AVAILABLE RECORDS Start Marker

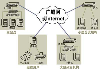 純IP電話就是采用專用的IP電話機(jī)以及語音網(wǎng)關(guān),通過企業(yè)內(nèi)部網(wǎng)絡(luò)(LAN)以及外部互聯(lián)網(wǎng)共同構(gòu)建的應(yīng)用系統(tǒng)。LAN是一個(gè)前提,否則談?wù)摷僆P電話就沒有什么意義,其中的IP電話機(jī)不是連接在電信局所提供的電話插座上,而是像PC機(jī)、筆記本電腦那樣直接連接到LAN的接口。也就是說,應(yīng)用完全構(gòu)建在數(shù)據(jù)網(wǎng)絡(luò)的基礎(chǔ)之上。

AVAILABLE RECORDS End Marker
AVAILABLE RECORDS Start Marker

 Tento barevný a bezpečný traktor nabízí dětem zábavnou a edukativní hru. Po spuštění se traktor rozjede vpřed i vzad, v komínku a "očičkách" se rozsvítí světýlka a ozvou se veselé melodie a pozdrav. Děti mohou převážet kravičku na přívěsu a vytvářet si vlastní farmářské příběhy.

AVAILABLE RECORDS End Marker
AVAILABLE RECORDS Start Marker

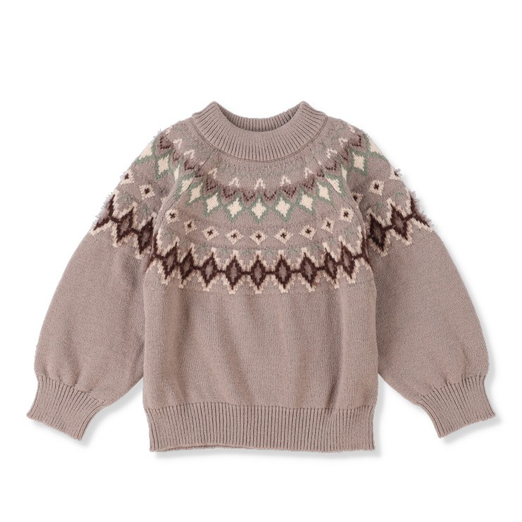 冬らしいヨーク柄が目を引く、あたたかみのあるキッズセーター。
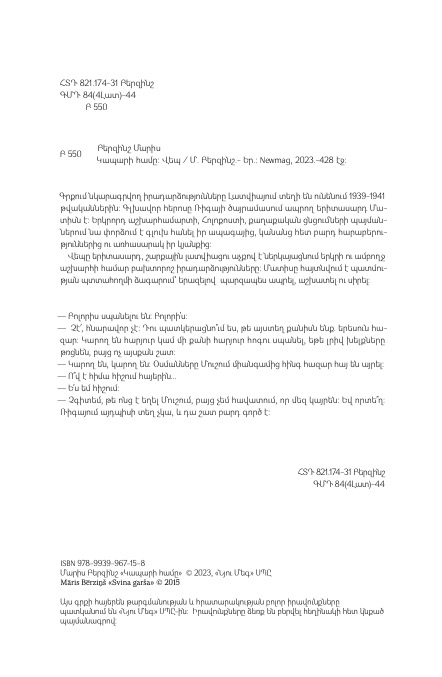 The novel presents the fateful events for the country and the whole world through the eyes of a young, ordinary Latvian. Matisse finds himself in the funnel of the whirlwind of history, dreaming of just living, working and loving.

AVAILABLE RECORDS End Marker

INSTRUCTIONS TO FOLLOW: Above are some entries. Restate word for word the lines from the one holding "冬らしいヨーク柄が目を引く、あたたかみのあるキッズセーター。" through the one holding "The novel presents", but not the pictures.

EXERCISE RESULT:
 冬らしいヨーク柄が目を引く、あたたかみのあるキッズセーター。
 The novel presents the fateful events for the country and the whole world through the eyes of a young, ordinary Latvian. Matisse finds himself in the funnel of the whirlwind of history, dreaming of just living, working and loving.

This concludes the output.